The music is an immersive 8 channel haptic sound artwork responding to the stories and sculptural objects. Many of the water pails in Hong Kong during that time were repurposed cooking oil drums. The work explores their historical significance and sonic potential in an 8 channel array of these drums, each containing transducers that vibrates and distorts the surface of the metal. The red Chinese words imprinted on the drums say: 水 = water 女 = female 马 = horse 劳 = work 兔 = rabbit 家 = family – Donna’s mother was born in the year of horse and Donna, year of the rabbit, representing matriarchal lineage. While 8 drums was used for this installation, future iterations of this work could include any number of these pails (10, 16, 21, 40 etc.)  that fill the entire space. It will also include multiple percussion players. Donna performs a solo percussion piece on a bamboo/water pail structure (which sits on top of a lazy susan allowing her to turn it.) The work is a composer/performer theatrical piece devised in collaboration with Daniel. The music is inspired by the genres of contemporary classical, experimental music, and new music theatre. Drawing on Helmut Lachenmann’s musique concrète instrumentale, Mauricio Kagel’s absurdist instrumental music theatre, and Harry Partch’s instrument building. The solo performance is accompanied by the ‘oil drum chorus’.

“The works use of absence through image isolation, blackness and silence within a growing grating biting of sound that suddenly disappears is disturbing and poignant. Its beauty is absence of sound and sight to make the isolation of shape and materiality of sounds poignant—representative perhaps of trauma within a materiality-metal bamboo and timbre harshness envelope highlighted by absence which speaks to both a specific cultural context and the human condition.” written in the newsletter: Music & Music Therapy Discipline, Volume 3, May, 2021.

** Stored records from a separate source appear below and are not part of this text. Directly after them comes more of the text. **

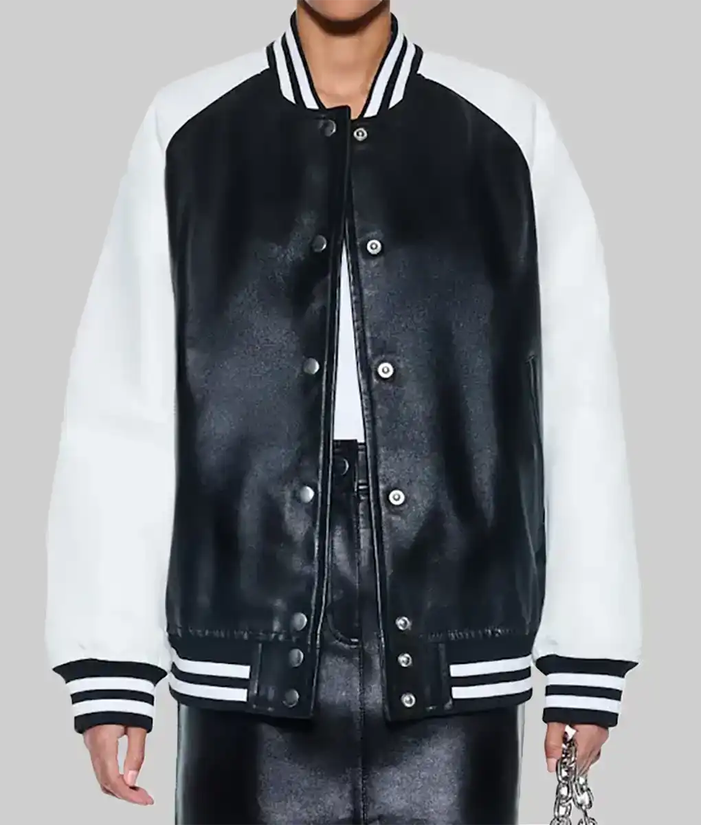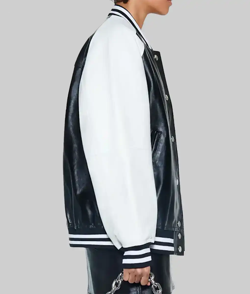 Shop The Diana Women’s Black and White Leather Varsity Jacket
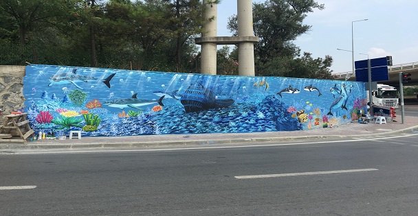 Kocaeli’nin birçok ilçesinde kent estetiğini geliştirmek amacıyla yapılan resim boyama çalışmaları Gebze ilçesinde devam ediyor. Projenin üçüncü aşaması kapsamında Tatlıkuyu Köprüsü güney yan yol duvarı ve İstanbul Caddesi Topçular Köprüsü mevkiindeki duvarlara akvaryum ve manzara resimleri yapılıyor. Çalışmalarla Gebze ilçesinin önemli noktaları, estetik acıdan zenginleştiriliyor. Halkın beğenisini kazanan çalışmalar, ilerleyen günlerde Kocaeli’nin diğer ilçelerinde de yapılacak.
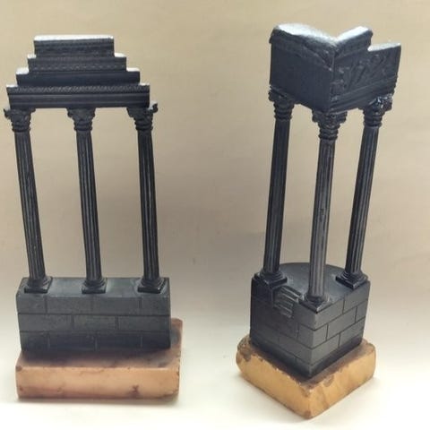 De to delene vi ser er et par rikt utsmykkede Solomonske syler eller rekkverkspiler, laget av tre og dekket med overddig gullblad. De er 72 cm hye, og strrelsen antyder at de var viktige og fremtredende elementer i et strre ensemble, som sidekolonner i et alterbilde, pilastre i et tabernakel, eller de utsmykkede, snurte benene p et fint mbel.
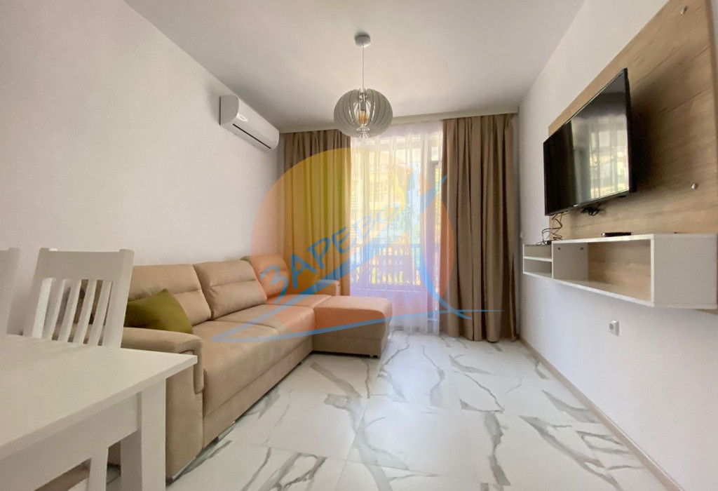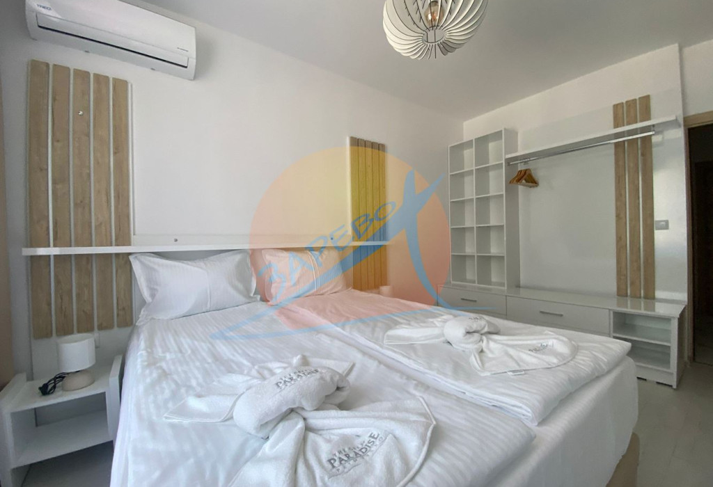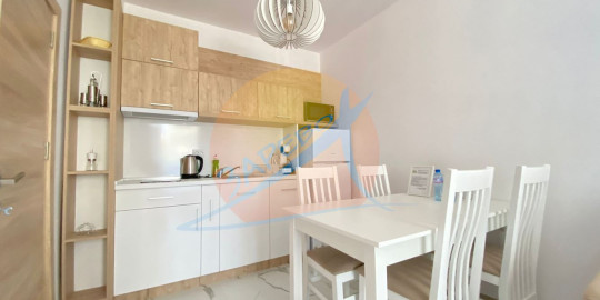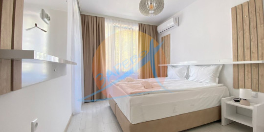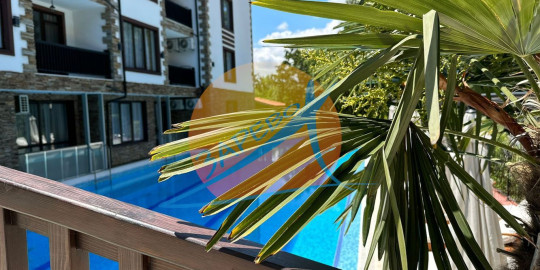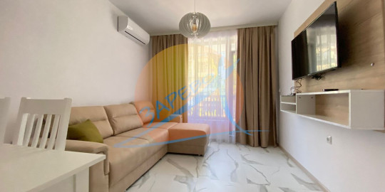 Квартира расположена на 2 -м этаже с площадью 53 квадратных метров. Он состоит из входного зала, гостиной с кухней, спальни, ванной комнаты с туалетом и балкона. Он предлагается для продажи современно обставленной и оборудованной, готовой к использованию.
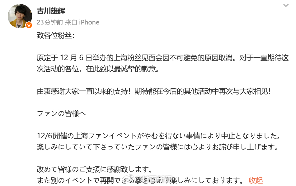 11月20日,日本演员古川雄辉发文称,原定于 12 月 6 日举办的上海粉丝见面会因不可避免的原因取消。对于一直期待这次活动的各位,在此致以最诚挚的歉意。
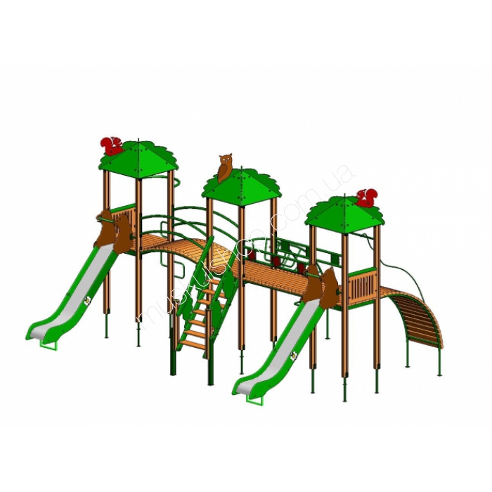 Игровой комплекс Лесной прямой Вадзаари 2013 заинтересует и порадует маленьких пользователей своим оригинальным дизайном, конструкцией и не только. Улучшенная и дополненная конструкция состоит из большего количества аттракционов, а потому каждый ребёнок найдёт, чем себя занять. Конечно же мы позаботились и о защите самого изделия, использовав для этого грунтовку и глянцевые краски. Выполнен в необычной форме, данный аппарат привлечет внимание любого малыша на площадке.
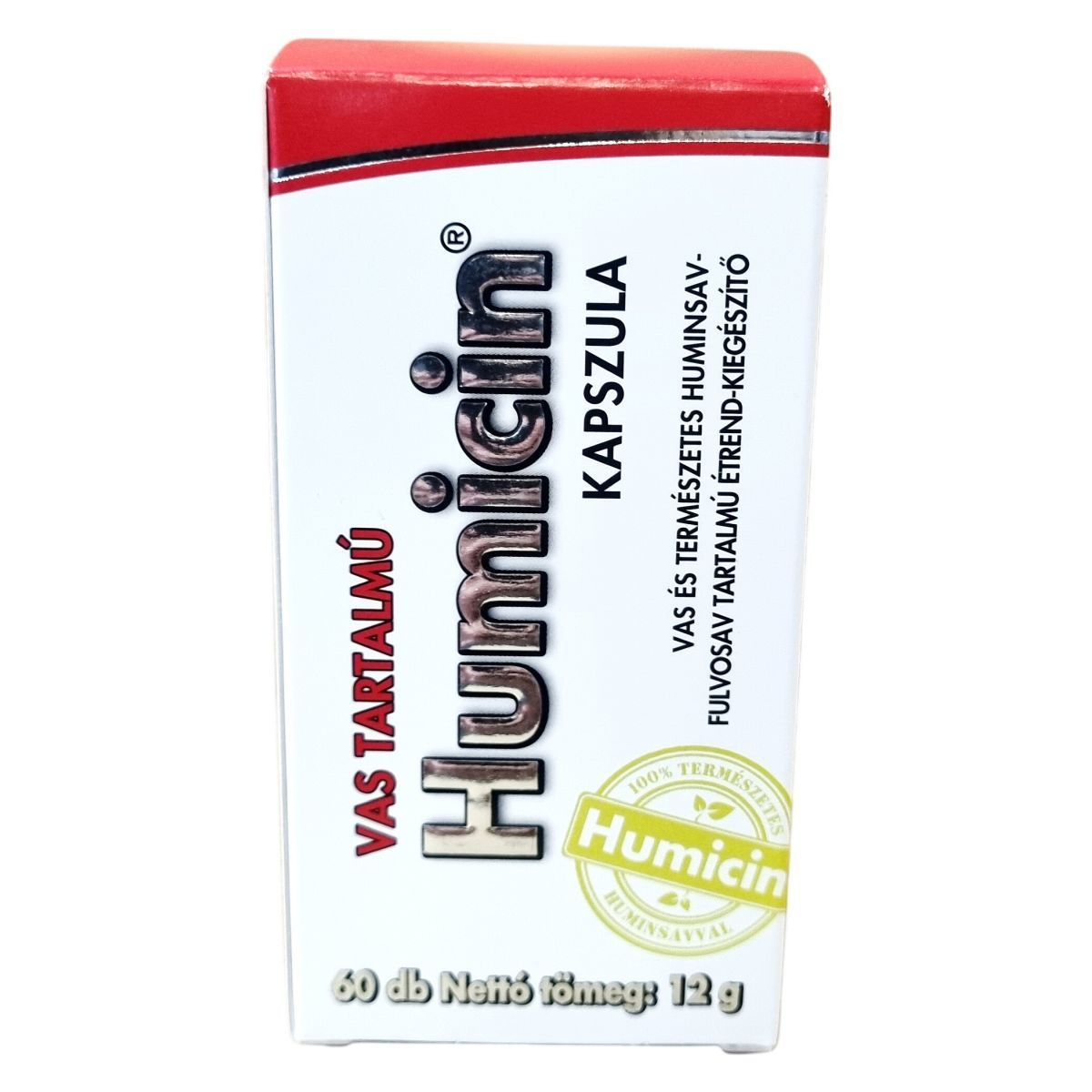 A Humicin® kapszula egy olyan étrend-kiegészítő, amely természetes huminsav-fulvosavat és vasat tartalmaz. A benne található vas a szervezet normál oxigénszállításában vesz részt, hozzájárulhat a normál vörösvérsejt- és hemoglobinképződéshez, valamint az immunrendszer megfelelő működéséhez. A termék fogyasztása elsősorban kiegyensúlyozatlan táplálkozás, szigorú diéta vagy vegetáriánus étrend esetén javasolt. A kapszula dózisa napi két alkalommal egy-egy kapszula, melyet étkezések előtt célszerű bőséges folyadékkal bevenni. A termék összetételében megtalálhatók a természetes huminsav-fulvosav keverék, vas-szulfát, mikrokristályos cellulóz, hidroxi-propil-cellulóz, valamint csomósodást gátló anyagok. A termék nem helyettesíti a kiegyensúlyozott étrendet és az egészséges életmódot.
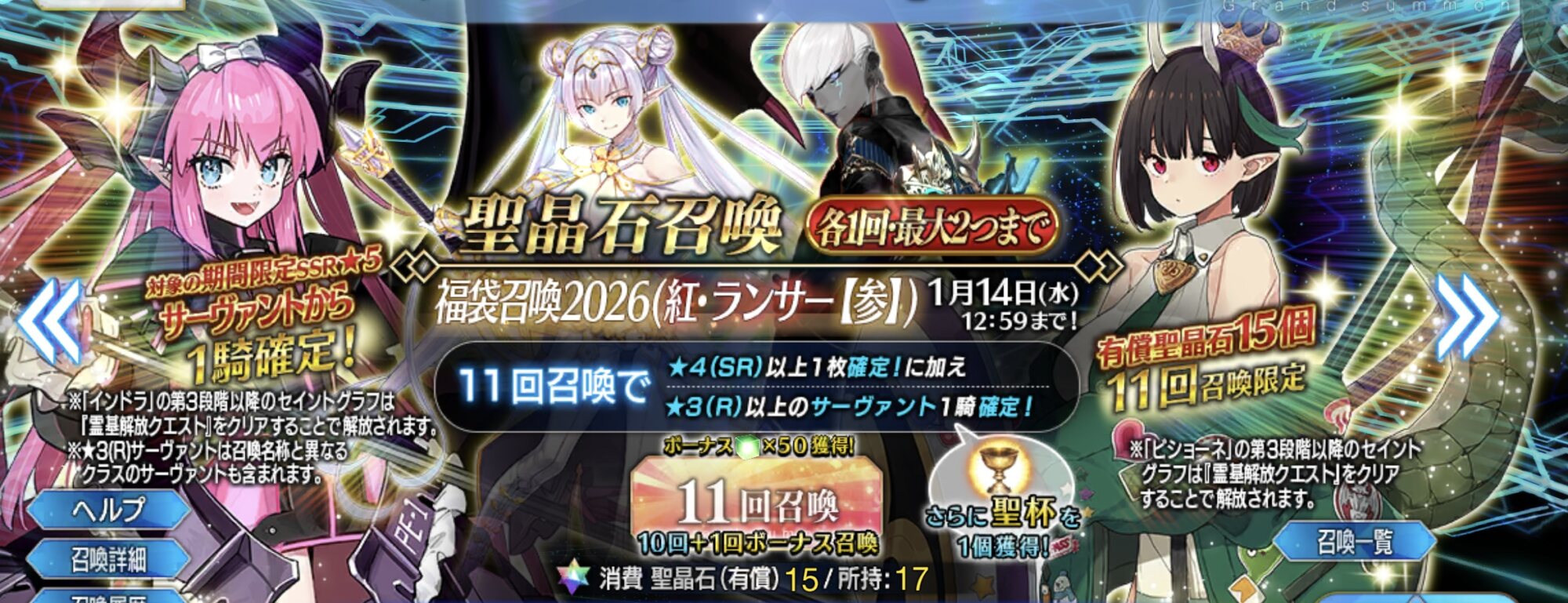 2回召喚手前で止まってるから「どこかで無料召喚忘れやらかしたか?」と若干不安になっているストーリー召喚エクセルススはラテン語で「高貴」「崇高な」か
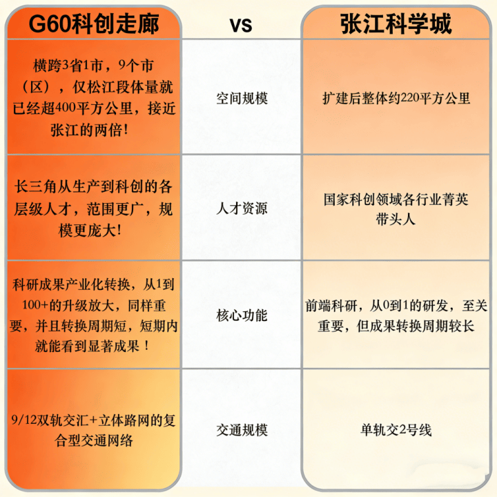 单论产业,G60科创走廊的高度是国家级战略,它的未来发展有着不输于张江的底气,来看直观对比:
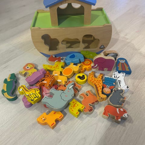 Myynnissä hape merkkinen perässä vedettävä puinen Nooan arkki lelu, johon kuuluu laiva, irrotettava katto sekä kuvassa näkyvät puiset eläimet. Laivan sisäpuolella tarra, jota en äkkiseltään saanut irrotettua.

The work was exhibited at World Square, in Sydney, as part of the Now You Hear Her festival. Curated by Lamorna Nightingale, Bree van Reyk and Damian Barbeler, from the 8 March to 11 April 2021

Memory Tape

(2015)

for cello, trombone, and recorded media
The work explores a lexicon of soft textured instrumental sounds taking their cue from the iterations of whispers produced by an empty rotating reel-to-reel tape machine. Small speakers are spread out across the space and are playing the recordings of multiple tapes crackling. The speakers played textured sounds, such as various grainy crackling noises that provide spatial colouring to the listening experience. Read more

Copy-make

(2015-ongoing)

Copy-make is a demonstration video about the physicality of sound and proposes new methodologies of working relationships between composer and performers in an open and visually centred collaborative approach.  You can read further about this project here in a paper published in Leonardo Music Journal, Volume 30, 2020 or see further documentation on this website.

This installation came about in a workshop where the premise was to explore notions of perception and music, musical preconditions, ‘music without sound’, and ‘composition beyond music’. My response was to make visible the invisible world of music through a display of its gestural processes. This allowed for a transference of a diverse array of parameters involving; rotation, closing, expanding, roughening, smoothing, demarcation, recursion, inversion, punctuation, dynamic change, velocity, and duration. 

Sound and movement are recorded on a glass surface to be used as a multi-screen video score for musicians to use with an instrument or sounding object. Text, numbers and symbols are written over videos containing gestural movements – a technique called digital annotation that has been used in the field of dance and anthropology. The emphasis is on the line-semantics of the performers movements. A gestural matrix allows for multiple points of focus for the performer to reiterate, interpret and retrace actions within a given frame (outlined here using yellow tape). This project was intended to be sound-based, but there is scope for it to be explored within a choreographical context. The video theorises potential uses of this way of working that could have multiple performance outcomes. It is a platform for experimentation and for realising a fixed work, and is open to anyone who wants to discover its possible uses.

Whale Fall

(2021)

Whale Fall text

Animal

(2015) video score

for violin, ‘cello, percussion, keyboard, and choir with video score – 10′ [and video]
Premiere: 16 April 2015, Warwick Stengårds (conductor), Elizabeth Layton (violin), Simon Cobcroft (‘cello), Gabriella Smart (piano), Andrew Penrose (percussion), and the Adelaide Philharmonic Choir. Anne & Gordon Samstag Museum, University of South Australia, Australia. Link to work.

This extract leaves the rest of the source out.